I'm down for that. And I think my kids need to hear that that's a wonderful thing. And I'm going, I'm going to live a life to promote that. And I hope they live their lives to promote that whether they're single or married. Because the marriages that we have right now in this world are just a shadow of the marriage to come in the new heavens and new earth, and so even the best of marriages in this world can't be totally satisfying or fulfilling and oftentimes even fail.

 But that doesn't matter. The married person, the single person, the divorced person, and the widowed person all have the same hope in that marriage covenant in the book of Revelation. And that's how we can bear the weight of it in this world.

And so I don't think we need to be ashamed of it at all. I think we need to embrace it. And in the context of the church, promote it more. For example, the Song of Songs is written for young women. If you think about it, Proverbs 31 was written for a man to assess the type of wife he should look for. A wife of strength who should find, who can find. Ruth and Boaz constitute that ideal reality. She's the Eshet Chayil, he's the Ishki Borchayil, the woman of strength, and the man, a warrior of strength, something like that. And the song of songs is the correlate of Proverbs 31.

Song of Songs teaches a young woman, what kind of love should I be looking for, the love of the shepherd or the love of Solomon. And the answer is the love of the shepherd. A marriage like Genesis chapter two, not like, you know, first Kings 11, first Kings 11. And so we need to, does that answer the question? Okay.
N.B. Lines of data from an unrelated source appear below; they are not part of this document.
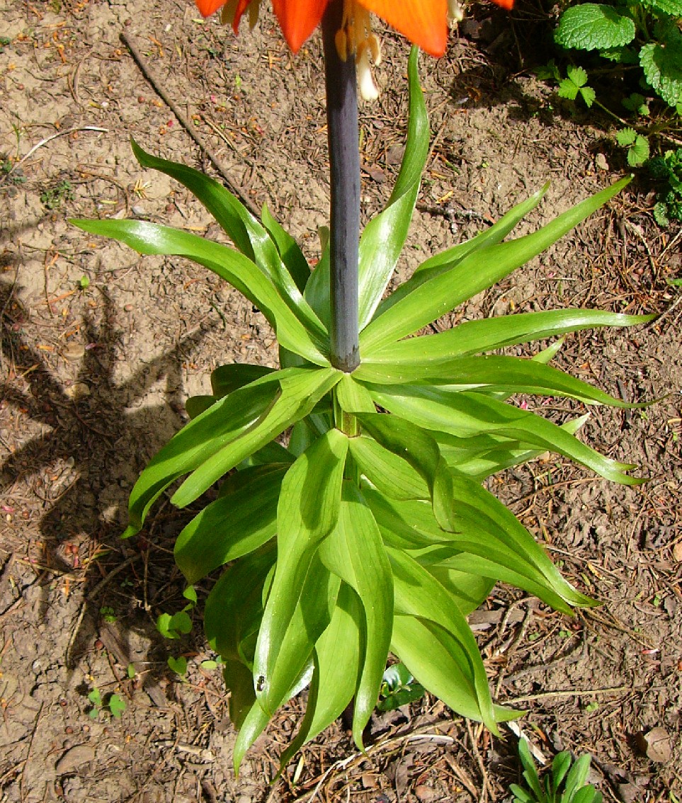 Stängel schwarzviolett, bereift Laubblätter quirlig, linealisch- lanzettlich, parallelnervig Zwiebeln bis zu 10 cm im Durchmesser
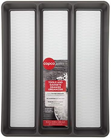 The Three Compartment Drawer Organizer in Charcoal Gray by Copco Basics keeps your kitchenware, office supplies, and more organized and easily accessible. The nonslip liner prevents items from moving around in your drawer, which protects them from damage. Features nonslip feet to keep organizer in place when opening and closing drawer. Use in the kitchen or in any room throughout your home to keep various items separated and easy to find. Fits most standard-sized drawers. Wipe clean with a damp cloth. Measures 15.75″ L x 12.8″ W x 1.67″ H.
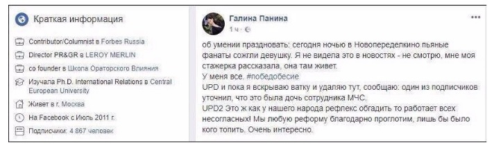 Напомним, что вечером 1 июля в Новой Москве была обнаружена обгоревшая девушка. Как потом стало известно, у нее были ожоги 80% тела. Пока врачи боролись за ее жизнь, в Сети начали распространяться немыслимые слухи о том, что же произошло на самом деле. Так, PR-менеджер компании «Леруа Мерлен» Галина Панина прямо написала, что в произошедшем финоваты «пьяные фанаты».
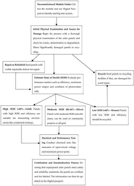 The fourth step involved in repurposing solar panels is the certification and standardization process. Just as with batteries, repurposed solar panels must meet certain industry standards to ensure they are safe and reliable for use []. By establishing structured acceptance and rejection criteria, this framework reduces inconsistencies in panel assessment and provides a scalable solution for the secondary PV market. This certification process builds consumer trust and is crucial for the broader acceptance and integration of repurposed solar panels into the market.
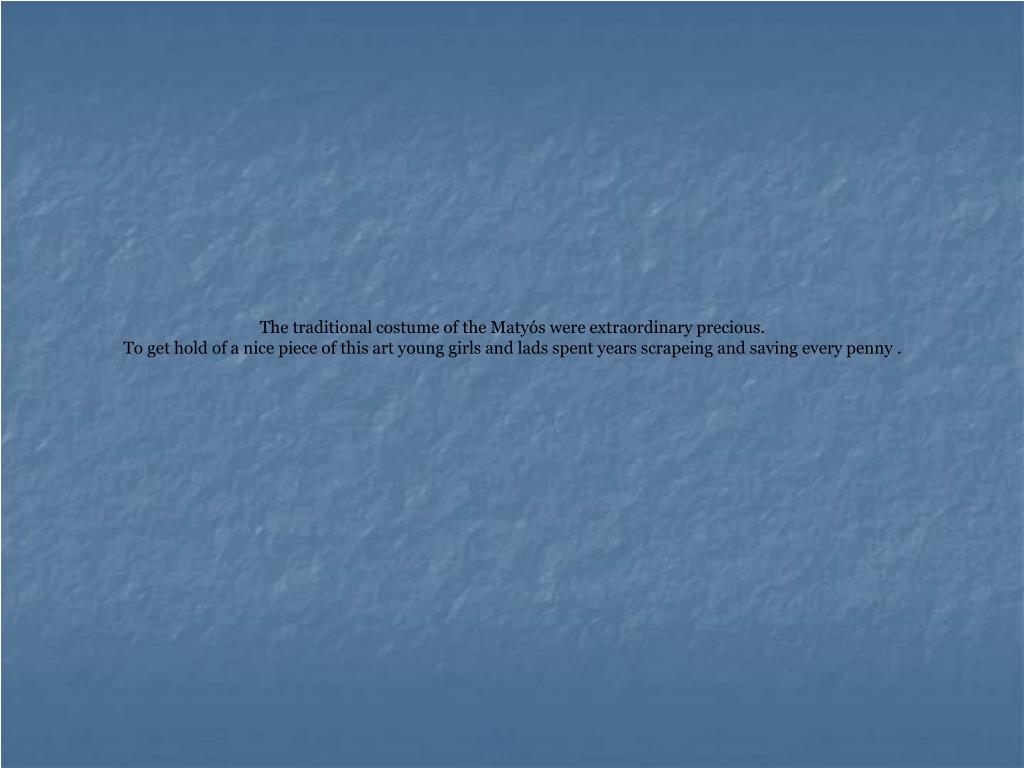 The traditional costume of the Matyós were extraordinary precious. To get hold of a nice piece of this art young girls and lads spent years scrapeing and saving every penny .
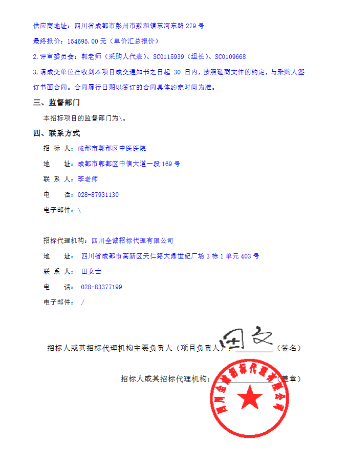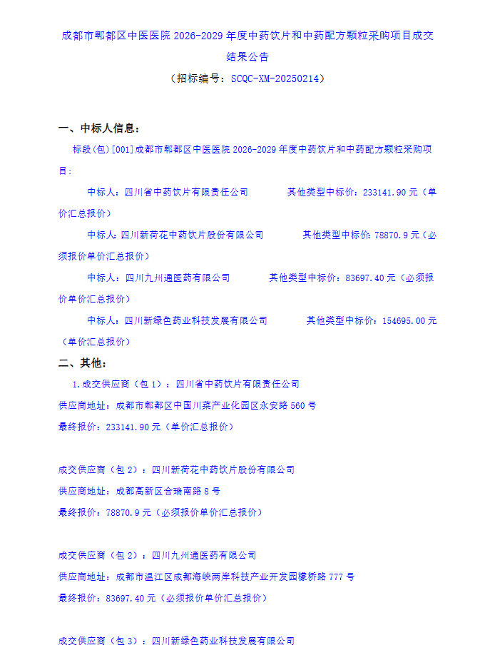 【成都市郫都区中医医院】四川省成都市郫都区中医医院2026-2029年度中药饮片和中药配方颗粒采购项目成交结果公告
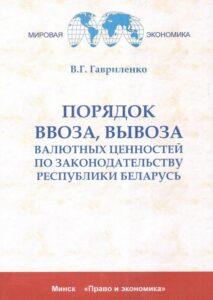 Гавриленко, В. Г. Порядок ввоза, вывоза валютных ценностей по законодательству Республики Беларусь / В. Г. Гавриленко ; [под научной редакцией П. Г. Никитенко ; Институт экономики НАН Беларуси]. – Минск : Право и экономика, 2020. – 156 с.
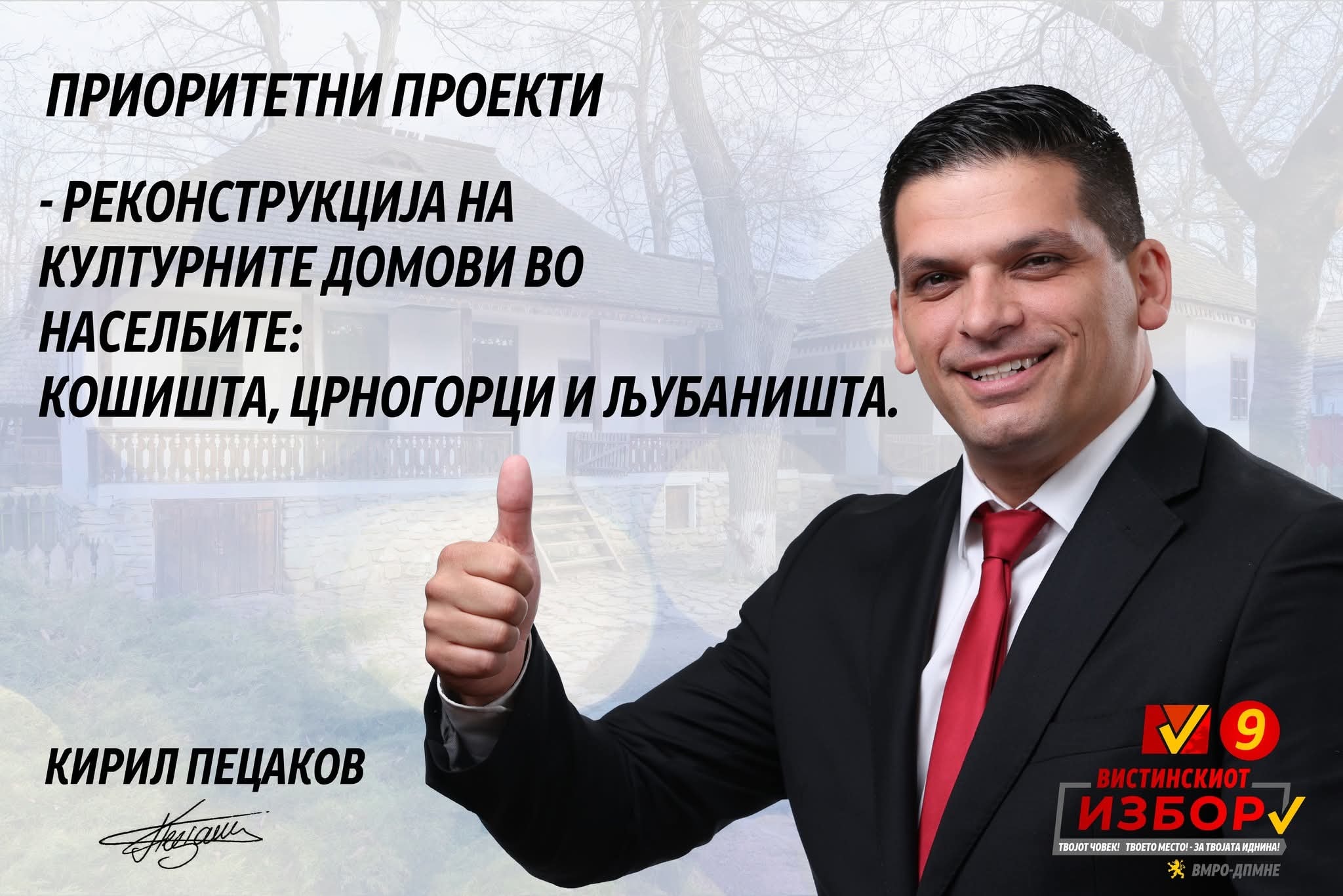Кандидатот за градоначалник на Охрид Кирил Пецаков поддржан од Коалицијата „Твоја Македонија“ предводена од ВМРО-ДПМНЕ како дел од приоритетните проекти во програмата за претстојните локални избори денес го најави четвртиот кој се однесува на реконструкција на домовите на култура во Љубаништа, Кошишта и Црногорци.

What I like about the Song of Songs too, is it's language is never gratuitous or overly explicit, but it's always, it's just veiled enough to express the wonder of the reality in ways. And so, yeah, again, if you want more of that, you can see I'm writing a commentary on this.It'll be out in a couple of years. You could wait, you have to wait for it, but I work hard in the commentary to help you understand the nature of the imagery, the metaphorical imagery in a way that's helpful, for example, you know, with, you know, hands and feet in the Song of Songs are not hands and feet. They're metaphors for the sexual organs of the man and the woman.

And so once you understand that you really, you know exactly what's going on. So you can feel those things better.